I believe this project satisfied all categories involved with  Eighth Grade Common Core Writing Standard 3, which focuses on writing a narrative as well as supplementing Eighth Grade Common Core Reading Standard 2 which focuses on theme, which we focused on during the reading of the play.

Changes That I Would Make

Topic generation proved to be more of a lengthy process than anticipated. When I administer this assessment next time, I will provide at least one more class period for the students to brainstorm their topic and maybe even give them a weekend to think about it. Once the students had a topic, the excitement was palpable in the classroom and it seemed to be their favorite writing project of the year.

Final Thoughts

I believe it is so important to get kids to buy into their education through the use of technology, and overall I think that Kidblog provides a great structure for any narrative that you would like to do with your students. Kidblog was the best format for this project because it has great privacy features, video and picture sharing, and the “Publish” button also added to that realistic feel for the students because they loved the sense of ownership it gave them.

About the Author
David Basile completed a Bachelor of Arts degree in English in 2008 and a Masters of Education in Curriculum and Instruction in 2010 at George Mason University in Fairfax, Virginia.

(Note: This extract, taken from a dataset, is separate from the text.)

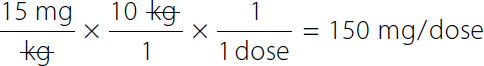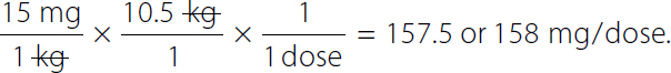 15 milligrams over 1 kilogram times 10.5 kilograms over 1 times 1 over 1 dose equals 157.5 or 158 milligrams over dose. On the left-hand side The numerator and denominator kilogram canceled each other.

He taught at the High School and Middle School level at various public schools in Northern Virginia from 2010 - 2015. He is now proud to call the Northern Kentucky area near Cincinnati, Ohio his home, where he lives with his wife and son and teaches Seventh and Eighth grade Language Arts at a Catholic Elementary School.

One comment

  1. debby

    Great info! I was curious about this part: “I set up the blogs so that only I could see them for security purposes since there were personal photos and videos that were being used. Some students did however want to be able to share their project with the class, so I pulled up those projects on the smart board in the safety of the classroom.” I have done a few assignments on the blog and was wondering why you didn’t just have the ones who wanted to share, publish to “class” instead of having them show it IN class? Just curious.

    • David Basile

      Hi Debby!

      Thanks for the feedback and your question! I had the students that wanted to share their project do so in class just as a personal preference because I felt that this would give the students who were shy about sharing their personal videos or photos the ability not to do so, without also having to explain why they didn’t publish them to the class to anyone. There was also not a large amount of students who expressed their interest in sharing with the class because, I think, it is a very personal project since it is in fact like a diary of their own. Those students who did want to share though, were meant to serve as a conversation starter for a classroom discussion in which we would then reflect on the difficulties and successes of the project as a class. I didn’t include that in the post because we didn’t have enough time to make that happen the first time through. Thanks again and I hope this answered your question!